Della bufala. Intesa come una delle belle arti

I denti del poliziotto e la democrazia del WEB

Posted by pocavista su 27 novembre 2012

Perché questo blog ha pubblicato un fake sui denti dei poliziotti?

1 – Antecedente – Da poco abbiamo pubblicato e poi rimosso un brevissimo post su un presunto falso scoop de “Il Giornale”, in cui si riportava che un ispettore di polizia si era dovuto far aggiustare 8 incisivi distruttigli da un manifestante violento. All’ispettore va, naturalmente, tutta la nostra solidarietà, oltre alle scuse al Giornale che –  stavolta – ha pubblicato un titolo corretto.

 

2 – IL WEB ha sempre ragione?  Il fake trae origine dal nostro recente aggiornamento del post su Grillo e la democrazia via WEB. In particolare lo spunto ci è stato fornito dal video millenarista della Casaleggio Associati che – dopo aver predetto una guerra mondiale entro il 2020 con uso di armi batteriologiche e la riduzione della popolazione mondiale a un miliardo – preconizza una democrazia globale esercitata attraverso WEB, che consentirebbe a tutti di vivere felici e contenti. Niente manipolazioni, niente Grandi Fratelli orwelliani, niente conflitti economici, sociali, religiosi o culturali.
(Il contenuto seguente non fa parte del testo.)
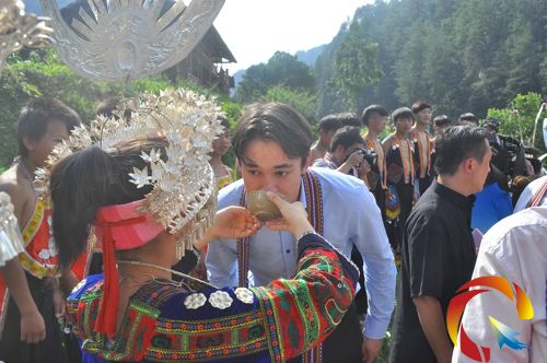 當日下午,伴隨著氣勢恢宏的迎賓蘆笙,中國作協副主席葉辛,國家發改委國際合作中心主任助理陳喆,瑞士議長代表團的代表等嘉賓和各個媒體的記者,一踏上進寨的石階,就飲上了當地自釀的醇香米酒,旅途疲憊立即一掃而光。

In effetti dopo aver aggiornato il nostro lungo post su Grillo e il M5Stelle, alcuni amici ci hanno costretto ad un lunga discussione su vantaggi, limiti e pericoli della democrazia via WEB. Alcuni sostengono che il WEB sia democratico “di per sè” e possa consentire di superare il problema di chi controlla l’informazione in TV e nei giornali. Il WEB probabilmente riduce lo strapotere di chi controlla a casa nostra Mediaset o la Rai, Repubblica, Il Corriere della Sera o Il Giornale, ma non appare la soluzione definitiva dei mali dell’informazione.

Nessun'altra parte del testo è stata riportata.